The behaviour is record/3 + score/2. Default is Reliability.Null. Set
:reliability_store in app config or pass :store per call.
5. Benchmark harness (bench/eval/)
bench/eval/{datasets.ex,runner.ex,README.md}
Skeleton only. Opt-in fetching, bring-your-own grading function, no
CI integration. Loaders for TruthfulQA / HaluEval / BBQ. Runner runs a
council across a dataset, grades each item, and optionally feeds the
match? signal back into Reliability.record/3 so adaptive weighting
kicks in on subsequent runs.
See ../bench/eval/README.md for the
recommended workflow (load dataset → run baseline council → run
heterogeneous council → diff summaries).
What the paper does that CouncilEx does NOT do
- Mitigation. The paper's
Bias Detectorinforms aggregation; it doesn't rewrite outputs. CouncilEx'sBiasDetectoris purely diagnostic. You read the report and decide. - Embedding-based query similarity. The paper alludes to "similar historical queries"; CouncilEx's ETS store buckets by exact feature hash. Embedding-NN buckets would require a vector store; out of scope for core.

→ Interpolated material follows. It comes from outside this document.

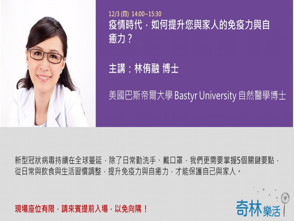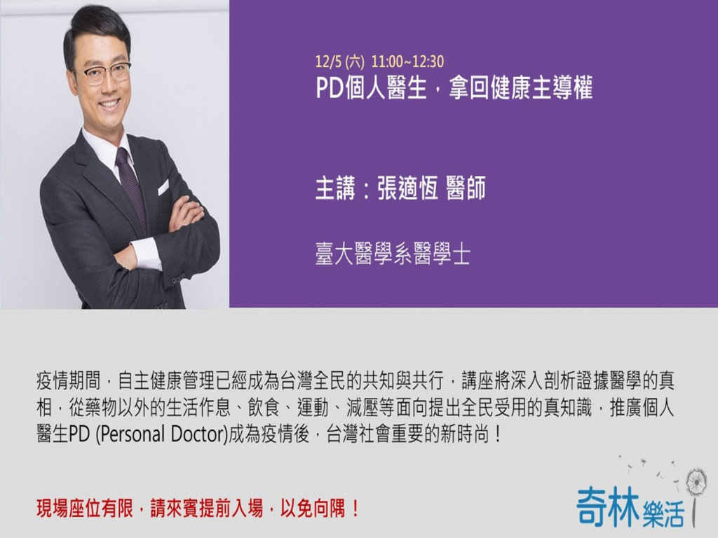 疫情期間,自主健康管理已經成為台灣全民的共知與共行,講座將深入剖析證據醫學的真相,從藥物以外的生活作息、飲食、運動、減壓等面向提出真知識,推廣全民成為個人醫生PD。

- Built-in TruthfulQA/HaluEval/BBQ runners. The harness is a skeleton. Datasets are not vendored; users fetch and grade.
- Adaptive per-query-type weight learning.

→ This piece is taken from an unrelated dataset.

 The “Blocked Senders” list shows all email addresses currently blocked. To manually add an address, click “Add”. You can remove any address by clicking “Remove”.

Reliabilitytracks per-bucket accuracy; turning that into a chair input still requires the caller to read the score and pass it as a member:weight(or rely on:confidenceas a proxy). A first-class adapter is a reasonable next step.
Examples
| File | Demonstrates |
|---|---|
examples/weighted_consensus_example.exs | Static :weight opts, OpenRouter |
examples/confidence_example.exs | :self_report driving weights |
examples/bias_detector_example.exs | Panel + analyze/2 over real member outputs |
examples/reliability_example.exs | ETS store mechanics, no API key |
References
- Wu, S., Li, X., Feng, Y., Li, Y., Wang, Z., & Wang, R. (2026). Council Mode: A Heterogeneous Multi-Agent Consensus Framework for Reducing LLM Hallucination and Bias. arXiv:2604.02923. PDF.